Alice – What could possibly be controversial about Alice?  Most of us see her as a lovely and literary choice, suitable for a child, wearable for a district attorney.  But in Saudi ArabiaAlice is a foreign import, now banned, along with Maya, Linda, Lauren, and Elaine.  Take it as proof that any name can cause a ruckus.

Onni – Finnish names, with their extra vowels, can be downright surprising.  I’m captivated by the most popular name for Finnish boys born in 2013: Onni.  In the US, Onni might seem like a creative twist on Annie.  But in Finland, he’s an upbeat name meaning luck or fortune, Helsinki’s answer to Felix, Asher, and Noam.

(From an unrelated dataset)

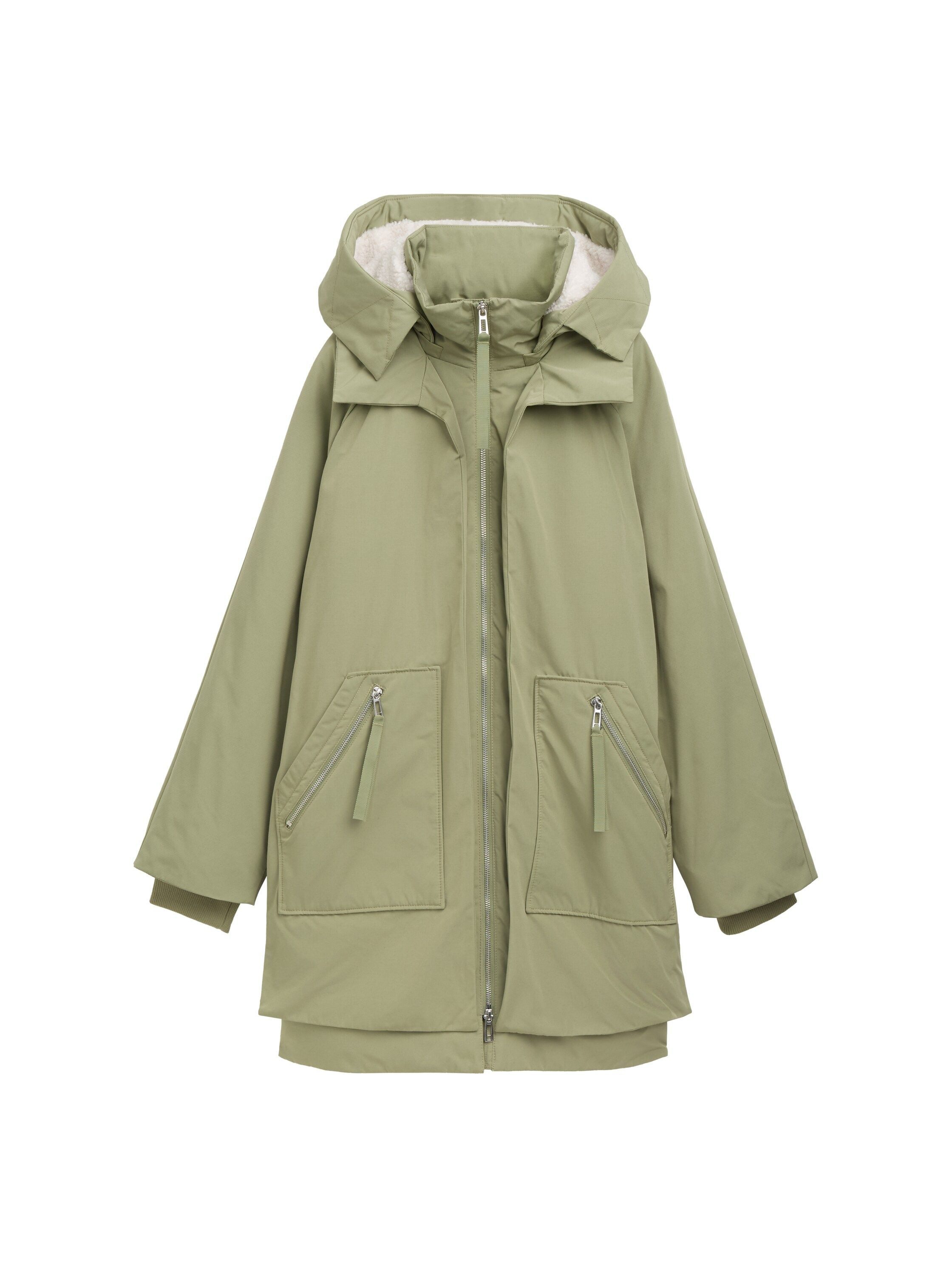 Die Winterjacke kann mit einer eng anliegenden oder gerade geschnittenen Jeans unkompliziert ergänzt werden. Für dein Freizeit-Outfit trägst du dazu bunte Sneaker oder klassische Boots. Für einen etwas schickeren Auftritt kannst du zu einer schlichten Chinohose und Loafern greifen.

Ferelith – While we’re talking about imports, let’s take another look at one of the newest names to debut on Nameberry.  Ferelith has her roots in medieval Scotland and Ireland, and enjoyed the tiniest bit of a revival in the late nineteenth and early twentieth centuries.  She’s a daring possibility for parents after a heritage choice today, and would make a striking middle name.

Hadrien – Canadian politician Justin Trudeau welcomed a son named Hadrian a few weeks ago.  Except he wasn’t Hadrian.  A sleep-deprived Trudeau misspelled his new son’s name on Twitter.  Can you blame him?  Trudeau and wife Sophie are also parents to Xavier and Ella-Grace, so Hadrien joins a busy household indeed.  The French –ien spelling of the ancient name isn’t likely to catch on in the US, but English form Adrian ranks in the Top 100 here.

What do you think of this week’s news?  Do Windsor, Buzz, and Michelangelo go too far?  Are names like Onni and Ferelith wearable in the English-speaking world?